> [Collected material]:

........

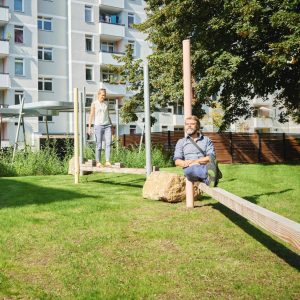 作为拥有 1000 多名居民的住宅区的一部分,游乐场不仅是儿童游乐区。相反,它有可能改善所有居民的生活质量。总体目标是为所有年龄段的人创造一个包容、低障碍的场所,让他们聚集在一起练习认知运动技能。最重要的概念重新解释是将以前许多单独的较小游乐区捆绑成两个中央、包容性的会议空间,将定居点与建筑结构一起构成框架。作为该地区的新核心,“社区游乐场”变得非常重要。它已成为一个社交互动空间,提供玩耍、运动和交流的空间。
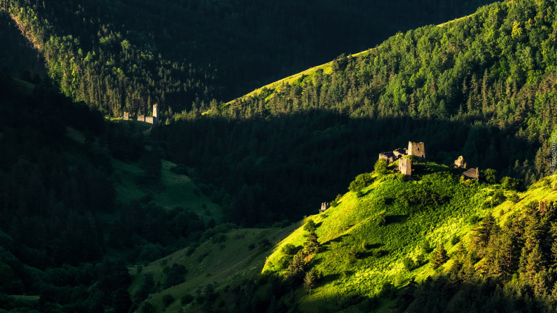 Edytor tapety: Ruiny na wzgórzach w rezerwacie przyrody Erzi
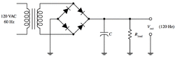 - ^ Quoting US Patent #5402059: A problem can occur when loads on the output of a switching power supply become disconnected from the supply. When this occurs, the output current from the power supply becomes reduced (or eliminated if all loads become disconnected). If the output current becomes small enough, the output voltage of the power supply can reach the peak value of the secondary voltage of the transformer of the power supply. This occurs because with a very small output current, the inductor in the L-C low-pass filter does not drop much voltage (if any at all). The capacitor in the L-C low-pass filter therefore charges up to the peak voltage of the secondary of the transformer. This peak voltage is generally considerably higher than the average voltage of the secondary of the transformer. The higher voltage which occurs across the capacitor, and therefore also at the output of the power supply, can damage components within the power supply. The higher voltage can also damage any remaining electrical loads connected to the power supply. "Archived copy". Archived from the original on 2012-09-07. Retrieved 2008-05-08.

........

> [Task]: Set down the entire material verbatim, with each picture left out.

> [Solution to the problem]:
 作为拥有 1000 多名居民的住宅区的一部分,游乐场不仅是儿童游乐区。相反,它有可能改善所有居民的生活质量。总体目标是为所有年龄段的人创造一个包容、低障碍的场所,让他们聚集在一起练习认知运动技能。最重要的概念重新解释是将以前许多单独的较小游乐区捆绑成两个中央、包容性的会议空间,将定居点与建筑结构一起构成框架。作为该地区的新核心,“社区游乐场”变得非常重要。它已成为一个社交互动空间,提供玩耍、运动和交流的空间。
 Edytor tapety: Ruiny na wzgórzach w rezerwacie przyrody Erzi
 - ^ Quoting US Patent #5402059: A problem can occur when loads on the output of a switching power supply become disconnected from the supply. When this occurs, the output current from the power supply becomes reduced (or eliminated if all loads become disconnected). If the output current becomes small enough, the output voltage of the power supply can reach the peak value of the secondary voltage of the transformer of the power supply. This occurs because with a very small output current, the inductor in the L-C low-pass filter does not drop much voltage (if any at all). The capacitor in the L-C low-pass filter therefore charges up to the peak voltage of the secondary of the transformer. This peak voltage is generally considerably higher than the average voltage of the secondary of the transformer. The higher voltage which occurs across the capacitor, and therefore also at the output of the power supply, can damage components within the power supply. The higher voltage can also damage any remaining electrical loads connected to the power supply. "Archived copy". Archived from the original on 2012-09-07. Retrieved 2008-05-08.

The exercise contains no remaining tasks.